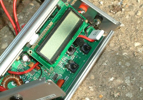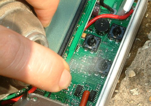 Mark Moran's LiPro Plus charger in a dissassembled state. | The charger's circuit board. The four switches which the buttons press down on are the row of four black dots along the bottom of the board. |
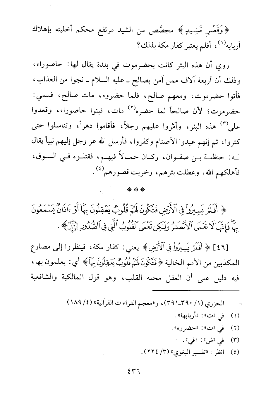 [46] {أَفَلَمْ يَسِيرُوا فِي الْأَرْضِ} يعني: كفار مكة، فينظروا إلى مصارع المكذبين من الأمم الخالية {فَتَكُونَ لَهُمْ قُلُوبٌ يَعْقِلُونَ بِهَا} أي: يعلمون بها، فيه دليل على أن العقل محله القلب، وهو قول المالكية والشافعية
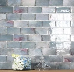 Parement Brillant Effet Brique Usé MANOVO SKYLINE BLUE 13X39,5 – 0,51m²
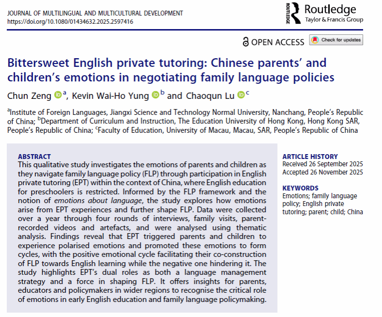 近日,外国语学院曾纯博士(第一作者)联合香港教育大学容煒灝博士(通讯作者)和澳门大学卢超群博士,在语言学领域一区顶尖期刊《Journal of Multilingual and Multicultural Development》(Q1,中国科学院1区,IF:3.9)上发表题为 “Bittersweet English private tutoring: Chinese parents’ and children’s emotions in negotiating family language policies”的研究论文。
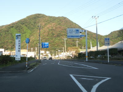 | 小浦ヶ浜トンネルを出た先で旧道との交差点を通過して海沿いを走る。が、すぐに幅員減少の警告が現れて車線が丸ごとなくなって1.5車線幅にまで狭くなってしまう。入津トンネルから小浦ヶ浜トンネルにかけての旧道も1.5車線幅と広くない。 | ||
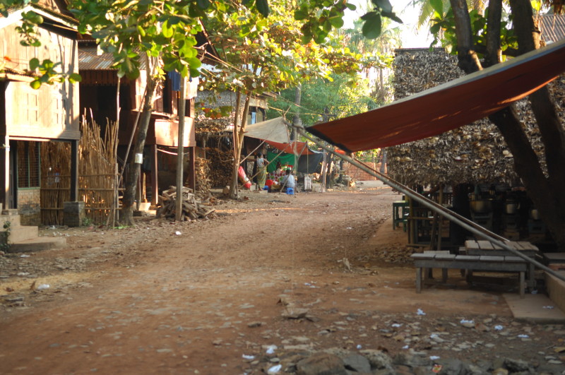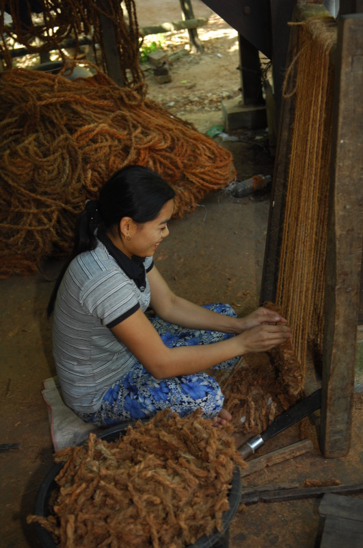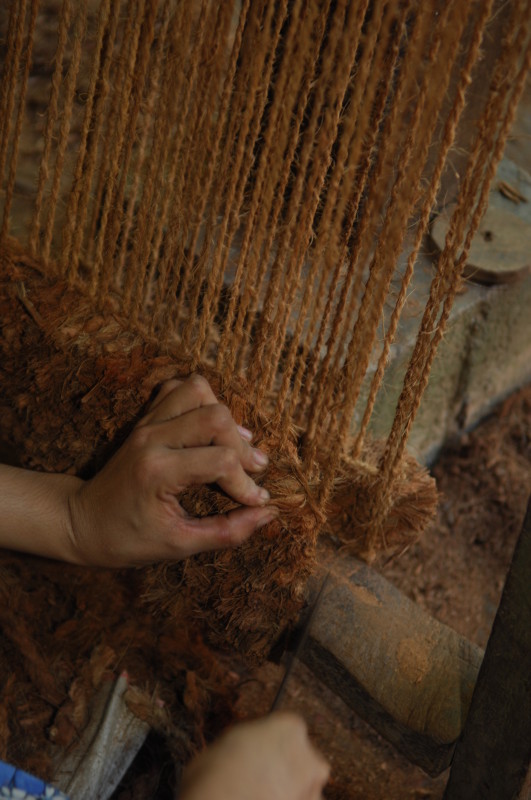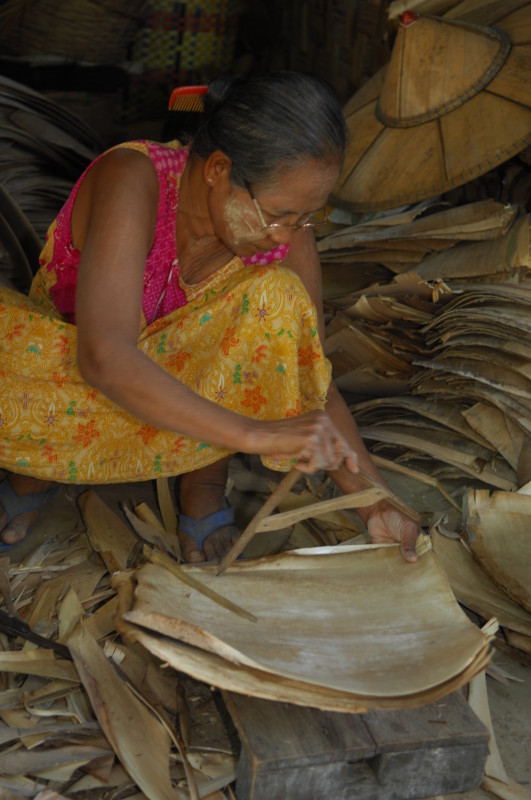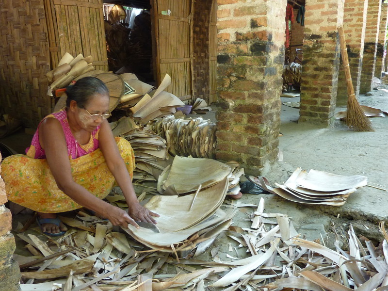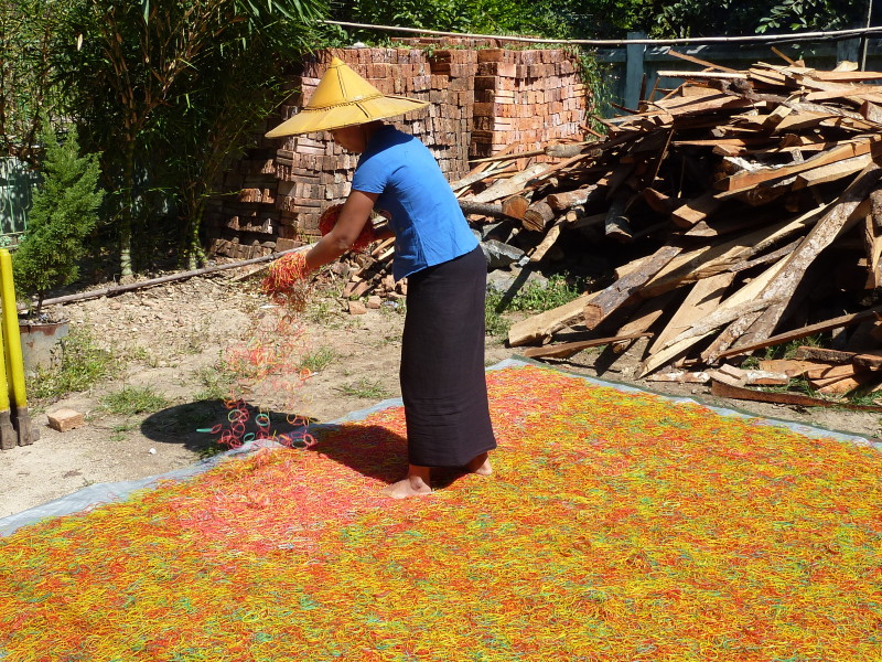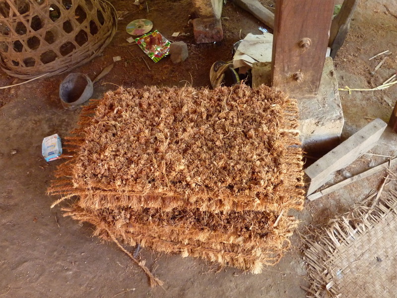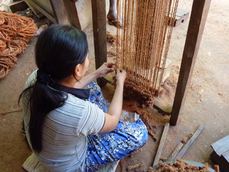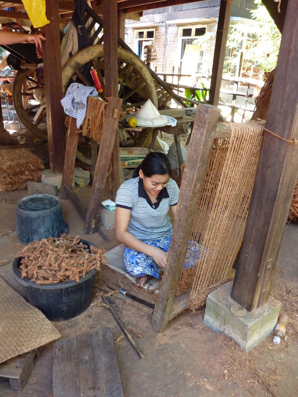 Wir besuchen eine Werkstatt für Fußabtreter aus Kokosfasern. Khin Tha Zar zeigt uns, wie sie die Matten aus Seilstücken in einem Webrahmen anfertigt. Noch lebt sie hier mit ihrem Onkel U Nyut und den Großeltern. Die Eltern arbeiten in Thailand und unterstützen die Angehörigen monatlich mit Geld. Doch die Idylle trügt. Wie uns der Onkel freimütig berichtet, planen Investoren auf dem Areal einen oder mehrere Hotelkomplexe und kaufen bereits großflächig Land auf. Wenn der Preis stimmt, werde er natürlich auch verkaufen. In einem Jahr werde man diese Gegend jedenfalls nicht mehr wiedererkennen. Ihn und seinen Handwerksbetrieb werde es dann in dieser Form nicht mehr geben.
========
* Exercise *
From the first line to the last, retype the data exactly, but omit every image.

* Reply to the task *
 Mark Moran's LiPro Plus charger in a dissassembled state. | The charger's circuit board. The four switches which the buttons press down on are the row of four black dots along the bottom of the board. |
 [46] {أَفَلَمْ يَسِيرُوا فِي الْأَرْضِ} يعني: كفار مكة، فينظروا إلى مصارع المكذبين من الأمم الخالية {فَتَكُونَ لَهُمْ قُلُوبٌ يَعْقِلُونَ بِهَا} أي: يعلمون بها، فيه دليل على أن العقل محله القلب، وهو قول المالكية والشافعية
 Parement Brillant Effet Brique Usé MANOVO SKYLINE BLUE 13X39,5 – 0,51m²
 近日,外国语学院曾纯博士(第一作者)联合香港教育大学容煒灝博士(通讯作者)和澳门大学卢超群博士,在语言学领域一区顶尖期刊《Journal of Multilingual and Multicultural Development》(Q1,中国科学院1区,IF:3.9)上发表题为 “Bittersweet English private tutoring: Chinese parents’ and children’s emotions in negotiating family language policies”的研究论文。
 | 小浦ヶ浜トンネルを出た先で旧道との交差点を通過して海沿いを走る。が、すぐに幅員減少の警告が現れて車線が丸ごとなくなって1.5車線幅にまで狭くなってしまう。入津トンネルから小浦ヶ浜トンネルにかけての旧道も1.5車線幅と広くない。 | ||
 Wir besuchen eine Werkstatt für Fußabtreter aus Kokosfasern. Khin Tha Zar zeigt uns, wie sie die Matten aus Seilstücken in einem Webrahmen anfertigt. Noch lebt sie hier mit ihrem Onkel U Nyut und den Großeltern. Die Eltern arbeiten in Thailand und unterstützen die Angehörigen monatlich mit Geld. Doch die Idylle trügt. Wie uns der Onkel freimütig berichtet, planen Investoren auf dem Areal einen oder mehrere Hotelkomplexe und kaufen bereits großflächig Land auf. Wenn der Preis stimmt, werde er natürlich auch verkaufen. In einem Jahr werde man diese Gegend jedenfalls nicht mehr wiedererkennen. Ihn und seinen Handwerksbetrieb werde es dann in dieser Form nicht mehr geben.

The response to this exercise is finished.